▶ **Supplied records**:
[Start of section]

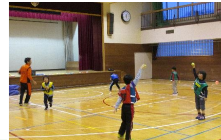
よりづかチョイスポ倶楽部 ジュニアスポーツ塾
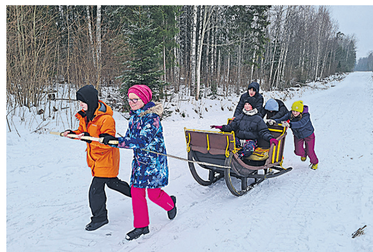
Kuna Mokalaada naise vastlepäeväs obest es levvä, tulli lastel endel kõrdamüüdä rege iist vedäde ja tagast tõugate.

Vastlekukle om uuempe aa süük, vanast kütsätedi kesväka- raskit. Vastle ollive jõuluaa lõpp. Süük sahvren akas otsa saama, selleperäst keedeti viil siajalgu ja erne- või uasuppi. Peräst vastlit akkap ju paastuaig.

[End of section]
[Start of section]

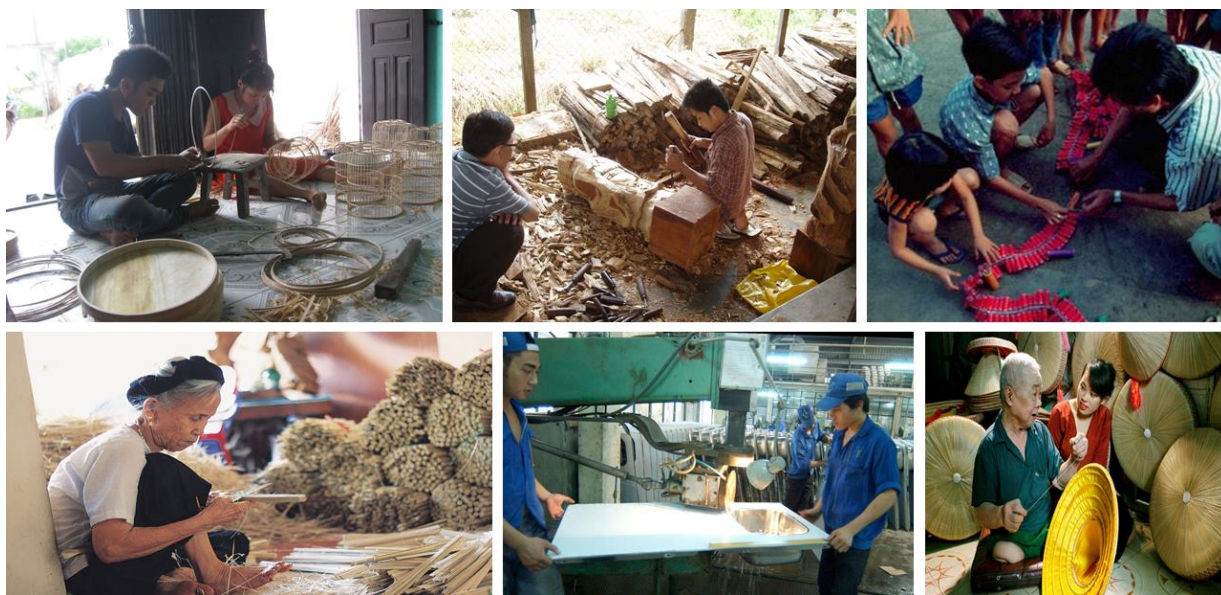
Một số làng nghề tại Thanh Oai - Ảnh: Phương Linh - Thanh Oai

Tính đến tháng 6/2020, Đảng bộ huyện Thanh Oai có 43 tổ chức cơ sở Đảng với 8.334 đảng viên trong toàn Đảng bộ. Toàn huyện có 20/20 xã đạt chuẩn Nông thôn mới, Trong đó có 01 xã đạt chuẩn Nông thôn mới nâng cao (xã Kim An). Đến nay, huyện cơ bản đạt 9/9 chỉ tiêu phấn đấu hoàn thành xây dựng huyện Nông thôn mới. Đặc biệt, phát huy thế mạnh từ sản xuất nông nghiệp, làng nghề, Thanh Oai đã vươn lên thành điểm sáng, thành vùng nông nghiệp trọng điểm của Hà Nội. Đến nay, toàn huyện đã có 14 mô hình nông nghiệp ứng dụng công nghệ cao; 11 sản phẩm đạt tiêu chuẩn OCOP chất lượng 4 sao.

[End of section]

▶ **Task item**:
Start with the line above that contains "Một số làng" and stop after the line that contains "Tính đến tháng". Output those lines exactly, and only those.

▶ **Answer section**:
Một số làng nghề tại Thanh Oai - Ảnh: Phương Linh - Thanh Oai

Tính đến tháng 6/2020, Đảng bộ huyện Thanh Oai có 43 tổ chức cơ sở Đảng với 8.334 đảng viên trong toàn Đảng bộ. Toàn huyện có 20/20 xã đạt chuẩn Nông thôn mới, Trong đó có 01 xã đạt chuẩn Nông thôn mới nâng cao (xã Kim An). Đến nay, huyện cơ bản đạt 9/9 chỉ tiêu phấn đấu hoàn thành xây dựng huyện Nông thôn mới. Đặc biệt, phát huy thế mạnh từ sản xuất nông nghiệp, làng nghề, Thanh Oai đã vươn lên thành điểm sáng, thành vùng nông nghiệp trọng điểm của Hà Nội. Đến nay, toàn huyện đã có 14 mô hình nông nghiệp ứng dụng công nghệ cao; 11 sản phẩm đạt tiêu chuẩn OCOP chất lượng 4 sao.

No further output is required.